**DATA TO EXAMINE**
☆ ☆ ☆ ☆ ☆

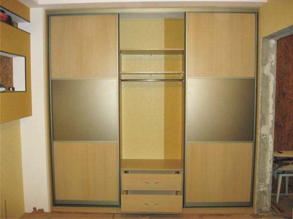 Шкаф-купе с тремя дверями в виде квадратов отлично будет смотреться в вашей квартире. Он очень удобный и вместительный. Внутри находятся два отдела с вешалками для одежды, один – с полочками для белья.
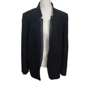 EUC Escada Black Leather Trim Wool Blend Babaasi Blazer
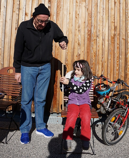 Mit Wurfübungen (auf eine Zielscheibe, mit einem Strohhalm als Pfeil und rückwärts in einen Eimer) wurde ihre Zielgenauigkeit trainiert. Auch der Gleichgewichtssinn kam beim Balancieren und auf-einem-Bein-Stehen nicht zu kurz.
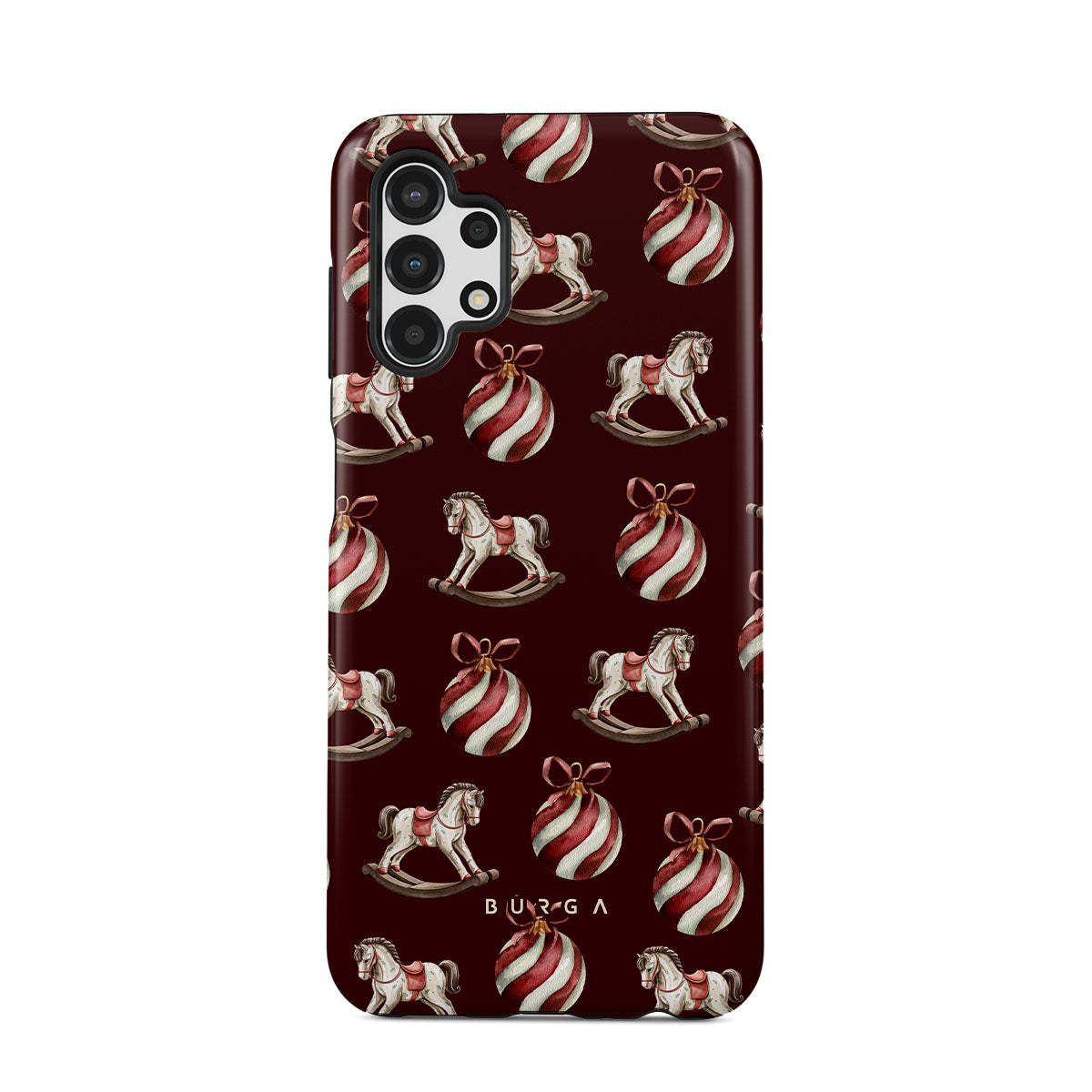デザインの特徴:揺り木馬、オーナメント、レッド、クリスマス柄
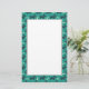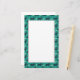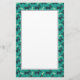Papel de carta desenhado com um padrão repetitivo que apresenta um cachorro sorridente e bonito com orelhas de disquete e um osso de cão. Fundo verde. Um quadro branco com uma borda preta colocada sobre cima para gravar.
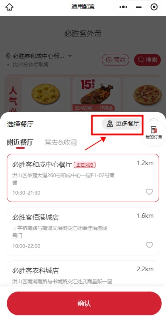 若想切换餐厅,只需点击界面上的“更多餐厅”,即可查看其他位置的餐厅。

☆ ☆ ☆ ☆ ☆

**YOUR ASSIGNMENT**
Starting at the line that holds "Papel de carta", retype every line through the end of the data, both ends included. Pictures stay out of the copy.

**EXPECTED ANSWER**
Papel de carta desenhado com um padrão repetitivo que apresenta um cachorro sorridente e bonito com orelhas de disquete e um osso de cão. Fundo verde. Um quadro branco com uma borda preta colocada sobre cima para gravar.
 若想切换餐厅,只需点击界面上的“更多餐厅”,即可查看其他位置的餐厅。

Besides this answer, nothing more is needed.